What you are asked to do: Only the lines from the top of the following listing through the line with "ANRABESS Womens Summer" belong in your answer, exactly as written.

**** Data shown

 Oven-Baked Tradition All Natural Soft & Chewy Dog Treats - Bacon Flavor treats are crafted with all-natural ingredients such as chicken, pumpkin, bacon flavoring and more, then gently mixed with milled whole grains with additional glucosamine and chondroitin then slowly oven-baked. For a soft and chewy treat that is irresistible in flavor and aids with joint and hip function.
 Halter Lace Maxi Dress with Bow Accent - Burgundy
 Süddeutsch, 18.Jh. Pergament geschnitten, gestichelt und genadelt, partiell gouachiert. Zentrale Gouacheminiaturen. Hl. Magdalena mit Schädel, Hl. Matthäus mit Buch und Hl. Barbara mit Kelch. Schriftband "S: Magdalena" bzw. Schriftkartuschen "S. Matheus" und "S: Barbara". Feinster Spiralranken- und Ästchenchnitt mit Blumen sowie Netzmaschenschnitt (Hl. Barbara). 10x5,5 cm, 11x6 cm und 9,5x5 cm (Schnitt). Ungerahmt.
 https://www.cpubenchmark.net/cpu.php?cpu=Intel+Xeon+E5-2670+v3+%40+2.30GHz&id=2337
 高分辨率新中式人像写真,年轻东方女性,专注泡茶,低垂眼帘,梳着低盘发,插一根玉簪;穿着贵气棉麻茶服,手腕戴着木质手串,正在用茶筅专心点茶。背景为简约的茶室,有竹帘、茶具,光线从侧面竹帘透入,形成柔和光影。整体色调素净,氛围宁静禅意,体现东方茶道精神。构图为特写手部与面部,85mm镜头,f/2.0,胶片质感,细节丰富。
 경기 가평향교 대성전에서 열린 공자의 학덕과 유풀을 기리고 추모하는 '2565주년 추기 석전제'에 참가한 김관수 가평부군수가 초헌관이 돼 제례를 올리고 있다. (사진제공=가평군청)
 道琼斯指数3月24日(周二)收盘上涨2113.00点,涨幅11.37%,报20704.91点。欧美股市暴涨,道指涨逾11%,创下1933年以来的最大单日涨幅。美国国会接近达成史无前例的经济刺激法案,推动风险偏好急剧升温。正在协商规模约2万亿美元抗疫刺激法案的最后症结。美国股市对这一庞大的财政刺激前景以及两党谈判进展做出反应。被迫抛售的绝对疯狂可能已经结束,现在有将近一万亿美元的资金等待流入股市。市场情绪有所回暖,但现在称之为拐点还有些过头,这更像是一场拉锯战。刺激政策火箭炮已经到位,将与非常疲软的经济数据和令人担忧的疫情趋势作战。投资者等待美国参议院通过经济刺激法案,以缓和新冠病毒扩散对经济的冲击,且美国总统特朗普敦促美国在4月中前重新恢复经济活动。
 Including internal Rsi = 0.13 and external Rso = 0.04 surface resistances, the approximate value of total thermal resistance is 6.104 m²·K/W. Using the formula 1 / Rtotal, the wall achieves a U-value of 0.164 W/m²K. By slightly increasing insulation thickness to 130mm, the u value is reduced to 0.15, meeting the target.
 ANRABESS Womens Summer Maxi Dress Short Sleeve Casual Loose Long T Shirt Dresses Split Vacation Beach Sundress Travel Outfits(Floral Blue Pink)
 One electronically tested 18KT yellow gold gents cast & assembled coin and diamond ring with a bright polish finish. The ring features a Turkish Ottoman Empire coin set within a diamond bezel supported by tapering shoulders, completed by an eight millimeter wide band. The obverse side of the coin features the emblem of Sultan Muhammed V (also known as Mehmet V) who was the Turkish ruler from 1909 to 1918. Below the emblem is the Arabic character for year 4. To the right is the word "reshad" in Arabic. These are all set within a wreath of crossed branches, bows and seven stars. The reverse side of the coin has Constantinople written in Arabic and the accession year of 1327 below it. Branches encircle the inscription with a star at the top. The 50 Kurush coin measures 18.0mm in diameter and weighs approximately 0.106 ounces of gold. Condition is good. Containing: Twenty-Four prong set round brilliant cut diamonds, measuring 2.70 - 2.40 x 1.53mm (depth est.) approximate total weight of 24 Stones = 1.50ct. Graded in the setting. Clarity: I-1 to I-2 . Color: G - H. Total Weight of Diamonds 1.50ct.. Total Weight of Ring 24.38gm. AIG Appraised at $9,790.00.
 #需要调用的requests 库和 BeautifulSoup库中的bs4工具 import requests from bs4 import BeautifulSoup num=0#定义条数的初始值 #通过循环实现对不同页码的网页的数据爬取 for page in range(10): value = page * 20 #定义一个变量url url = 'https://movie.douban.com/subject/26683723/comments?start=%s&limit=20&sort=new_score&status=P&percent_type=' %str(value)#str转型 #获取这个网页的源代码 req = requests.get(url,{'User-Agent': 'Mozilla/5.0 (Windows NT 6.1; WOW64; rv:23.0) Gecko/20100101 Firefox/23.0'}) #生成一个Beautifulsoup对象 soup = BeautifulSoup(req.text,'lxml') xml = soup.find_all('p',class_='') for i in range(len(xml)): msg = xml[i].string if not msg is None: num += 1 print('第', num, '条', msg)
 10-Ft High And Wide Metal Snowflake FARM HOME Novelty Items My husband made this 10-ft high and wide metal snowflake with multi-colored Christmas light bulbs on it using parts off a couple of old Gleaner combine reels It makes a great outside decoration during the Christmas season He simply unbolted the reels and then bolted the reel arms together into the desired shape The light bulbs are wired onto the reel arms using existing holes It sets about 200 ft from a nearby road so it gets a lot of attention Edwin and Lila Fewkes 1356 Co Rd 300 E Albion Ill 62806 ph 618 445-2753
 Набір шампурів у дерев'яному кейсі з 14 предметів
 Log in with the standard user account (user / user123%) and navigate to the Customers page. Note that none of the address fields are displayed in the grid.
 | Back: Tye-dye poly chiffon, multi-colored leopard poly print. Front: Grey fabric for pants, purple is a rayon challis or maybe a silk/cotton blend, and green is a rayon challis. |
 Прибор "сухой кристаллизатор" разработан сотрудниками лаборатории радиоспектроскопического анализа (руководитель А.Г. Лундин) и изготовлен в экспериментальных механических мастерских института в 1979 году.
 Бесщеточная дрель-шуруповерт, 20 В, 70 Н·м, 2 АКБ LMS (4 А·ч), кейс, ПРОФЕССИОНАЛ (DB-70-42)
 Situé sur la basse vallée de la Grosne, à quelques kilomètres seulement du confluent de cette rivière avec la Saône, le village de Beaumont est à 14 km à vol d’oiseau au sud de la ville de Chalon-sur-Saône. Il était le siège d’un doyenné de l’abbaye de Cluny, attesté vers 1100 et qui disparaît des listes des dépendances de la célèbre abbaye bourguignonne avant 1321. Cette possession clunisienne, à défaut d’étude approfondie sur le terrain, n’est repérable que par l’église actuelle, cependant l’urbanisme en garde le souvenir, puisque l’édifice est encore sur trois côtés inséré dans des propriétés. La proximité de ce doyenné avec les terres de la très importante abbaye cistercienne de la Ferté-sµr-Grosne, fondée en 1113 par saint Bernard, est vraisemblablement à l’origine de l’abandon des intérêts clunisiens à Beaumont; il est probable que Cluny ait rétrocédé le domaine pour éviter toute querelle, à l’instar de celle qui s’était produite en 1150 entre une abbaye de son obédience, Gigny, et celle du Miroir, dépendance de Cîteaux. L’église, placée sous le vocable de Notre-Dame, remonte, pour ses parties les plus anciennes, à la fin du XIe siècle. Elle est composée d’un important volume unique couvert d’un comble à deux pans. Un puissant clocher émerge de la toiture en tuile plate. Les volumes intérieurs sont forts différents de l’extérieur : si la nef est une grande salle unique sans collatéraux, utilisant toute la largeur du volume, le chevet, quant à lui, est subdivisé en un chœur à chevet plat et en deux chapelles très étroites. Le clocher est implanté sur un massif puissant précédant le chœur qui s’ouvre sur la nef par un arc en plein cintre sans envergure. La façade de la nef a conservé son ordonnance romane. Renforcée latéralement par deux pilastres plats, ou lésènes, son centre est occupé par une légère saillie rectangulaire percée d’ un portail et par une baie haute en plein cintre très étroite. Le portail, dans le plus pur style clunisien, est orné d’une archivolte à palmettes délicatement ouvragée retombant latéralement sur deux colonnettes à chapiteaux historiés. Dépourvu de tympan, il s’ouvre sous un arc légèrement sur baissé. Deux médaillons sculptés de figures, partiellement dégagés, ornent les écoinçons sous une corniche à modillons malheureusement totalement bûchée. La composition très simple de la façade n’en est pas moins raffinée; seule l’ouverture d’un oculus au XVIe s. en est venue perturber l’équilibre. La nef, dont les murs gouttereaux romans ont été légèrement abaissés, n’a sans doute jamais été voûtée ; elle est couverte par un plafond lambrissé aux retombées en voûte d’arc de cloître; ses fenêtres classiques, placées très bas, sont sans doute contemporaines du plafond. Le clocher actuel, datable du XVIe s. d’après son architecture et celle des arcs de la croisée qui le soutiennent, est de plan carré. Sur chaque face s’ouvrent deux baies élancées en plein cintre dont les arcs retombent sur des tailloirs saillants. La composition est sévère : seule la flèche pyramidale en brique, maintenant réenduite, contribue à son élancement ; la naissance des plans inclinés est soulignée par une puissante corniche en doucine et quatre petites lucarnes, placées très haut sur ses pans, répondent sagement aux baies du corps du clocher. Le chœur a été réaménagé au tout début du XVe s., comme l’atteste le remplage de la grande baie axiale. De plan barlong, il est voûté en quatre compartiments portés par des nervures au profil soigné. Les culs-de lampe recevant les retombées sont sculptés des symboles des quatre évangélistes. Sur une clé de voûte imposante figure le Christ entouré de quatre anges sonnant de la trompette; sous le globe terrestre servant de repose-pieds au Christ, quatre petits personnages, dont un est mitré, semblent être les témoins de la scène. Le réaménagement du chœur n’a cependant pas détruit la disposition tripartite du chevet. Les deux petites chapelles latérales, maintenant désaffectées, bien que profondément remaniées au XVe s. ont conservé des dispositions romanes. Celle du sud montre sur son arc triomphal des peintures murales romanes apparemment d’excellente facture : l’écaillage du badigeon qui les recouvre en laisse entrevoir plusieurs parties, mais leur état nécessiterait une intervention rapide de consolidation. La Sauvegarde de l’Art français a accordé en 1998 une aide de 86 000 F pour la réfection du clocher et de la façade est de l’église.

********

Response to this exercise:
 Oven-Baked Tradition All Natural Soft & Chewy Dog Treats - Bacon Flavor treats are crafted with all-natural ingredients such as chicken, pumpkin, bacon flavoring and more, then gently mixed with milled whole grains with additional glucosamine and chondroitin then slowly oven-baked. For a soft and chewy treat that is irresistible in flavor and aids with joint and hip function.
 Halter Lace Maxi Dress with Bow Accent - Burgundy
 Süddeutsch, 18.Jh. Pergament geschnitten, gestichelt und genadelt, partiell gouachiert. Zentrale Gouacheminiaturen. Hl. Magdalena mit Schädel, Hl. Matthäus mit Buch und Hl. Barbara mit Kelch. Schriftband "S: Magdalena" bzw. Schriftkartuschen "S. Matheus" und "S: Barbara". Feinster Spiralranken- und Ästchenchnitt mit Blumen sowie Netzmaschenschnitt (Hl. Barbara). 10x5,5 cm, 11x6 cm und 9,5x5 cm (Schnitt). Ungerahmt.
 https://www.cpubenchmark.net/cpu.php?cpu=Intel+Xeon+E5-2670+v3+%40+2.30GHz&id=2337
 高分辨率新中式人像写真,年轻东方女性,专注泡茶,低垂眼帘,梳着低盘发,插一根玉簪;穿着贵气棉麻茶服,手腕戴着木质手串,正在用茶筅专心点茶。背景为简约的茶室,有竹帘、茶具,光线从侧面竹帘透入,形成柔和光影。整体色调素净,氛围宁静禅意,体现东方茶道精神。构图为特写手部与面部,85mm镜头,f/2.0,胶片质感,细节丰富。
 경기 가평향교 대성전에서 열린 공자의 학덕과 유풀을 기리고 추모하는 '2565주년 추기 석전제'에 참가한 김관수 가평부군수가 초헌관이 돼 제례를 올리고 있다. (사진제공=가평군청)
 道琼斯指数3月24日(周二)收盘上涨2113.00点,涨幅11.37%,报20704.91点。欧美股市暴涨,道指涨逾11%,创下1933年以来的最大单日涨幅。美国国会接近达成史无前例的经济刺激法案,推动风险偏好急剧升温。正在协商规模约2万亿美元抗疫刺激法案的最后症结。美国股市对这一庞大的财政刺激前景以及两党谈判进展做出反应。被迫抛售的绝对疯狂可能已经结束,现在有将近一万亿美元的资金等待流入股市。市场情绪有所回暖,但现在称之为拐点还有些过头,这更像是一场拉锯战。刺激政策火箭炮已经到位,将与非常疲软的经济数据和令人担忧的疫情趋势作战。投资者等待美国参议院通过经济刺激法案,以缓和新冠病毒扩散对经济的冲击,且美国总统特朗普敦促美国在4月中前重新恢复经济活动。
 Including internal Rsi = 0.13 and external Rso = 0.04 surface resistances, the approximate value of total thermal resistance is 6.104 m²·K/W. Using the formula 1 / Rtotal, the wall achieves a U-value of 0.164 W/m²K. By slightly increasing insulation thickness to 130mm, the u value is reduced to 0.15, meeting the target.
 ANRABESS Womens Summer Maxi Dress Short Sleeve Casual Loose Long T Shirt Dresses Split Vacation Beach Sundress Travel Outfits(Floral Blue Pink)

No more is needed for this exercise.